Question: When flying from the mainland to Hawaii, is there a point of no return from the mainland? If a plane crosses that point and loses one of its two engines, could it really make it all the way to Hawaii on one engine in less than ideal conditions?
— Submitted by reader Eric, Vero Beach, Fla.
Answer: Yes, every twin-engine flight is planned so that the loss of an engine will result in a safe landing. Modern twin-jets are specially certified for extended overwater operations. Engine failures are very, very rare, but should one occur, the airplane can safely fly to an alternate airport, the airport of origin or the airport of destination.
Q: Could a 737 traveling from the mainland to Hawaii maintain altitude if one engine failed?
— Wayne Gordon, British Columbia
A: A 737 will descend to a lower altitude following the loss of an engine. This is known as driftdown. Pilots have charts telling them the driftdown altitude for the weight and temperature. This possibility is considered in flight planning to ensure that there is sufficient fuel on board to divert to an alternate airport and land with adequate reserves.
Q: What is the most accurate way to calculate the "halfway to Hawaii" time accounting for takeoff and landing speed variations from cruise speed?
— Michael, Conover, N.C.
A: The flight time is calculated based on the climb, en route and descent phases of flights. Computer flight plans estimate the wind, and provided and estimated ground speed. Based on those calculations, the 50% of the total time en route would provide a near halfway point on such a flight.
Q: If a plane should have to land in the ocean on a flight to Hawaii, would the pilots aim for the bottom or top of the ocean swell if there is one?
— Larry Steffen, Fraser, Colo.
A: The conventional training is to land parallel to the direction of the swells, midway up the face (trailing edge) of the swell.

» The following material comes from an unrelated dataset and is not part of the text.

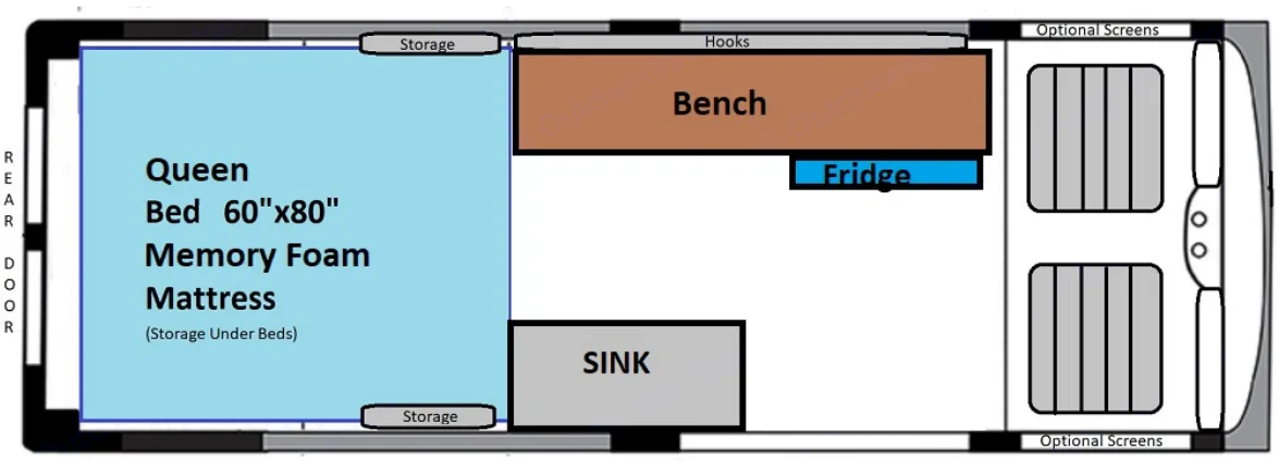 Experience the perfect fusion of outdoor adventuring and luxurious living with our Wandervan campervan—the next evolution of camping. Our seamless self-serve pickup and smart-lock system will have you hitting the road in no time.Embrace the coziness of our Small-sized campervan crafted just for two, plus small kids. Rest well in our ultra-comfortable queen-sized bed, outfitted with a superior 6" memory foam mattress and pre-prepared with a fresh fitted sheet as a part of our commitment to your convenience. We can add a Luno mattress system to create another sleeping area in the front cab area. This is an inflatable mattress system, so families with 1 or 2 kids can easily make this size of van work. We can also add a second row of seating for kids.Designed to deliver an accessible interior environment. If you need more headroom, check out our other van listings, or visit our website to learn more. Your gear will be easily accessible and perfectly organized under the bed with approximately 13 inches of clearance.Designed with safety and comfort in mind, the leathery seating provides secure belt-fastening for two travelers. To accommodate your party, add an extra 2-person bench with seatbelts upon request. Cook up your camping cuisines in our fully-equipped kitchen boasting a 31-quart refrigerator, a manual pump sink for water access, spacious countertops, a dedicated kitchen cabinet, a deployable kitchen table, and a robust 2-burner Coleman stove (note: 16 oz propane fuel canister not included).Settle back into our camping chairs—provided for each vanner—to soak up panoramas, star gaze or just enjoy a good old-fashioned chat. Sit comfortably inside the van on the plush bench, an ideal perch to prepare for your day’s expeditions.At Wandervans, we celebrate the thrill of open-air living without compromising on your comfort. Our campervan features intuitive magnetic mosquito nets for an easy-in, easy-out experience, ensuring you can bask in the ambiance while keeping the bugs at bay.With ample hooks and extensive storage space, you'll enjoy the convenience of having your personal items tucked neatly away yet always within arm's reach. While designed for backcountry adventures, this vehicle includes a hitch receiver but excludes trailer lights connections to keep the focus on self-sufficient camping.Travel in style and efficiency; this campervan promises an impressive 20 mpg on the highways, making your trips more cost-effective and eco-friendly. Each trip is available with an inclusive 125 miles per day. Need a little more? We also offer custom mileage packages that allow you to pre-pay for your mileage overage for $0.30 cents/mile as opposed to the standard $0.35 cents/mile perfect for longer journeys or in-depth explorations.Set off with peace of mind! For more information on our comprehensive insurance coverage, visit our website at .Promising exceptional service and an unforgettable campervan experience, we are excited to help you fulfill your adventure bucket list in comfort and style. Let the open

In 1956, Pan Am Flight 6, a Boeing 377 Stratocruiser (Clipper Sovereign of the Skies), ditched in the Pacific Ocean near the USCGC Pontchartrain, an ocean-station ship midway between San Francisco and Honolulu.
The overspeeding of a propeller caused the loss of the #1 engine, subsequently the #4 engine failed too. With two engines out, the flight was unable to make California or to return to Hawaii.
They successfully ditched near the Coast Guard cutter, hitting a swell with the left wing first. All 31 people onboard survived. The airplane floated for 20 minutes then sank, killing 44 cases of live canaries.
John Cox is a retired airline captain with US Airways and runs his own aviation safety consulting company, Safety Operating Systems.